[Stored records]

········

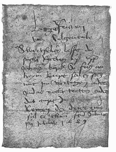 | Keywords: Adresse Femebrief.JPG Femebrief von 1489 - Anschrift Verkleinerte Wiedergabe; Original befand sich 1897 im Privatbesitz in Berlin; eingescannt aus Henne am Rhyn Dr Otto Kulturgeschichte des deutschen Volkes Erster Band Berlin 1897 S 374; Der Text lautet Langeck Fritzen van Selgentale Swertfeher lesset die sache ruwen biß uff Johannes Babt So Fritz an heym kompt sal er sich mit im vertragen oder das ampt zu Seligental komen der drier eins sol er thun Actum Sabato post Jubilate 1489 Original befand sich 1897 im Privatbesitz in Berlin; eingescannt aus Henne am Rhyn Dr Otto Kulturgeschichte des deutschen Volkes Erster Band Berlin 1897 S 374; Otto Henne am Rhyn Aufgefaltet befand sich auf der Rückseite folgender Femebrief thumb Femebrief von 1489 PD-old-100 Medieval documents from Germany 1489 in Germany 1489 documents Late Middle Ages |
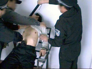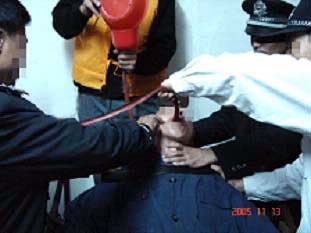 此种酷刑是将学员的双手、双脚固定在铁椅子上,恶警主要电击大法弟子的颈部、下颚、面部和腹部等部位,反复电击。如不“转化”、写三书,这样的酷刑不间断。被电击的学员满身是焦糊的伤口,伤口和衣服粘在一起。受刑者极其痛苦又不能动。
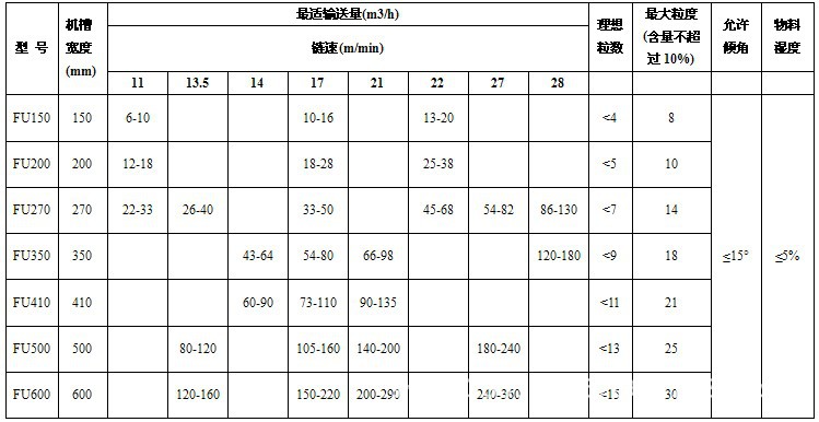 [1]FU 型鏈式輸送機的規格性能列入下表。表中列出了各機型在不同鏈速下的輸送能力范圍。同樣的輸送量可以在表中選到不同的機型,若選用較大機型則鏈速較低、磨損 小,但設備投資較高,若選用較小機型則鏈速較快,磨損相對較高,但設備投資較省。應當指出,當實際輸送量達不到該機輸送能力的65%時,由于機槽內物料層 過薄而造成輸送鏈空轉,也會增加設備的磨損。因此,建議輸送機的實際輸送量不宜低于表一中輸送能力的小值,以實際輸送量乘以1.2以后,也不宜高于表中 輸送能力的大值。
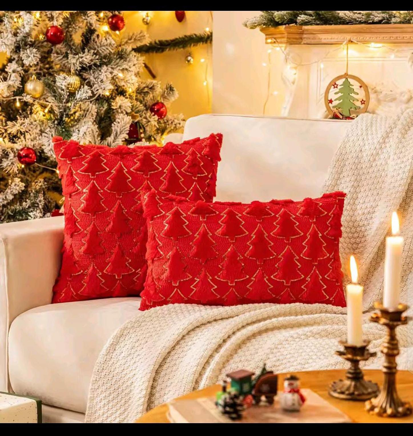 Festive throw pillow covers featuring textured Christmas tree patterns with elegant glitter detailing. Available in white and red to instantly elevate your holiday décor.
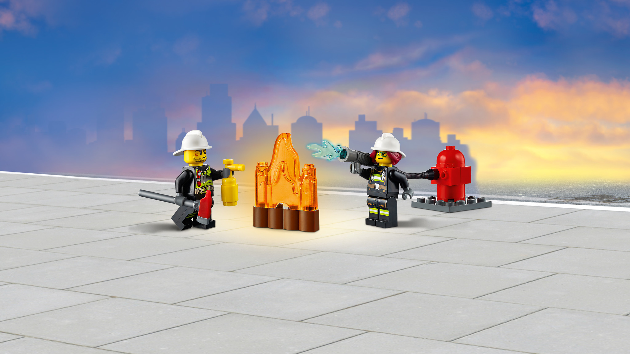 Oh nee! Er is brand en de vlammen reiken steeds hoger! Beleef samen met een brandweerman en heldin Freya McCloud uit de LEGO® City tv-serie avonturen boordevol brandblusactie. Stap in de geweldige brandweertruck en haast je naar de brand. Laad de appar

········

_Task details_.
With the pictures left out, copy exactly the lines from the line holding "Festive throw pillow" through the final line of the records, including both.

_Response_.
 Festive throw pillow covers featuring textured Christmas tree patterns with elegant glitter detailing. Available in white and red to instantly elevate your holiday décor.
 Oh nee! Er is brand en de vlammen reiken steeds hoger! Beleef samen met een brandweerman en heldin Freya McCloud uit de LEGO® City tv-serie avonturen boordevol brandblusactie. Stap in de geweldige brandweertruck en haast je naar de brand. Laad de appar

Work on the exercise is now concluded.